Fee-for-Service Still Dominates in United States

Tara Haelle

March 08, 2016

Nearly 95% of all provider visits used fee-for-service payment methods in 2013, an increase of more than a percentage point since 2010, according to a study published March 7 in Health Affairs.

The remaining sliver of payments were paid under capitation, "in which a physician or other provider receives a fixed monthly payment per patient, regardless of the services provided," report Samuel H. Zuvekas, PhD, and Joel W. Cohen, PhD, both from the Center for Financing, Access and Cost Trends at the Agency for Healthcare Research and Quality, Rockville, Maryland.

"As health economist Paul Ginsburg wrote in 2012, many policy makers equate payment reform with eliminating fee-for-service payment," Dr Zuvekas and Dr Cohen write.

"New models that attempt to shift the focus of payment from quantity to quality may be more successful than traditional capitation."

However, an announcement last week from the US Department of Health and Human Services (HHS) suggests that change in payment models could be speeding up since 2013, as Medicare reimbursements move away from fee-from-service toward accountable care organizations.

Dr Zuvekas and Dr Cohen analyzed data on the prevalence of capitation from 1996 through 2013, using the agency's annual Medical Expenditure Panel Surveys of physician offices. These telephone-based surveys of payment methods for visits, however, will not capture circumstances in which physicians receive a capitation payment for patients who did not see them during the period included. The patient visit samples included in the data set ranged from a low of 22,794 visits in 1998 to a high of 61,901 visits in 2004.

Capitation payment methods dropped from 6.6% of patient visits in 2007 to 5.3% in 2013, establishing the remaining 94.7% of visits as fee-for-service payments. Even among health maintenance organizations, 17.9% of private health maintenance organizations and 8.4% of Medicaid health maintenance organizations used capitation, whereas the majority reimburse physicians on a fee-for-service basis.

Medicare beneficiaries aged 65 years and older were half as likely to see physicians under capitation arrangements in 1996 as privately insured individuals younger than 65 years, whereas "[c]apitation of visits among Medicaid enrollees fluctuated widely during the late 1990s" before declining alongside declines in the other two groups, the authors report.

The state with the highest rates of capitation arrangements was California, where just more than a quarter (25.7%) of physician visits used capitation as their payment method, but 3.2% of visits used capitation throughout the rest of the United States in 2013.

Despite the Affordable Care Act's intent to employ innovative payment mechanisms for more efficiently delivered care, the attempt to move away from fee-for-service arrangements has been unsuccessful.

"Previous efforts at payment system reform focused on pure capitation, which involved shifting all or most of the risk of caring for patients to providers," Dr Zuvekas and Dr Cohen write. Yet, "financial losses associated with pure capitation in many physician groups led providers to reject 100 percent risk sharing as a payment method."

The authors suggest that a potentially more successful approach than traditional capitation may be employing new models that base payments on quality instead of quantity.

“For example, the Medicare Pioneer [accountable care organization] demonstrations are designed to test a shared-savings payment policy for organizations that are willing to accept some of the financial risk for providing care,” Dr Zuvekas and Dr Cohen write.
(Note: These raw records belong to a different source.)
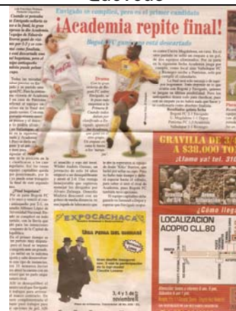
Publicación aviso de prensa – Periódico El Espacio

6. Constancias de participación El día 8 de noviembre en el Auditorio "Gustavo Caamaño" de la sede la Universidad Distrital Francisco José de Caldas, se entregaron las
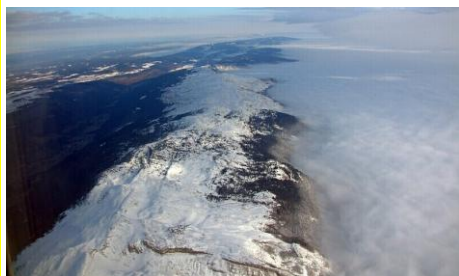
La chaîne du Jura
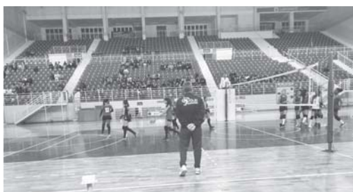
Meninas de Paraíso vencem Uberaba pela segunda vez e seguem invictas no campeonato
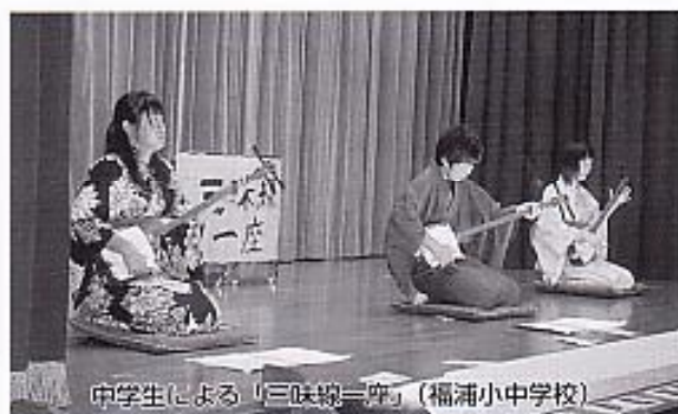
中学生による「三味線一庄」(福浦小中学校)

Indeed, recent news from HHS shows the goal of tying 30% of Medicare payments to quality is ahead of schedule since the Obama Administration’s January 2015 announcement of new goals and a timeline for shifting Medicaid reimbursements methods.
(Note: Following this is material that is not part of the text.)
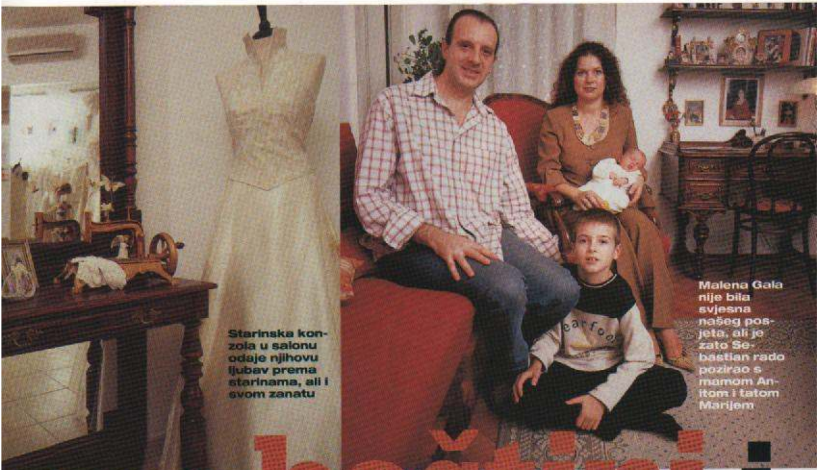
Starinska konzola u salonu odaje njihovu ljubav prema starinama, ali i svom zanatu

“With the January 2016 announcement of 121 new [accountable care organizations,] as well as greater provider participation in other models, HHS today estimates that it has achieved that goal well ahead of schedule,” the HHS reports.
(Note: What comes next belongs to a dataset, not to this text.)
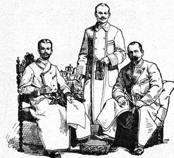
Façon 1. Façon 2. Façon 3.

Dr. Sydney Davonport ist heimgegangen! Sein greiser Vater steht an dem irdischen Grabe, wehmüthig der Zeit gedenkend, wo man auch ihn hinaustragen wird, um ihn zwischen seiner Gattin und seinem Sohne zur ersehnten Ruhe zu betten. Neben ihm steht sein Freund Harley und, auf seinen Arm gestützt, May. Ihr Trauerkleid hebt ihre wunderbare Schönheit noch mehr hervor, und was sie dem Lebenden verlagte hatte, das war in ihrem Herzen — zu spät erwacht: die Liebe und der Schmerz für den Todten! Die Weiden haben ihr Antlitz verklärt, ihre Seele geläutert und ihr Herz jener göttlichen Liebe geöffnet, die ihr der Verstorbenen im Leben an seiner Seite geoffenbart hätte.

The authors suggest that providers’ willingness to use new payment methods will largely depend on how much risk they must assume to do so.

"To be successful, payment reform must confront the reality that individual physicians and practices are unwilling to accept all of the risk for providing care," the researchers write. "Finding the right balance in risk sharing — or the 'sweet spot,' as Austin Frakt and Rick Mayes term it — so that providers are willing to participate on a widespread basis while providing meaningful incentives to deliver efficient care is important to the success of any new approach."

The authors have disclosed no relevant financial relationships.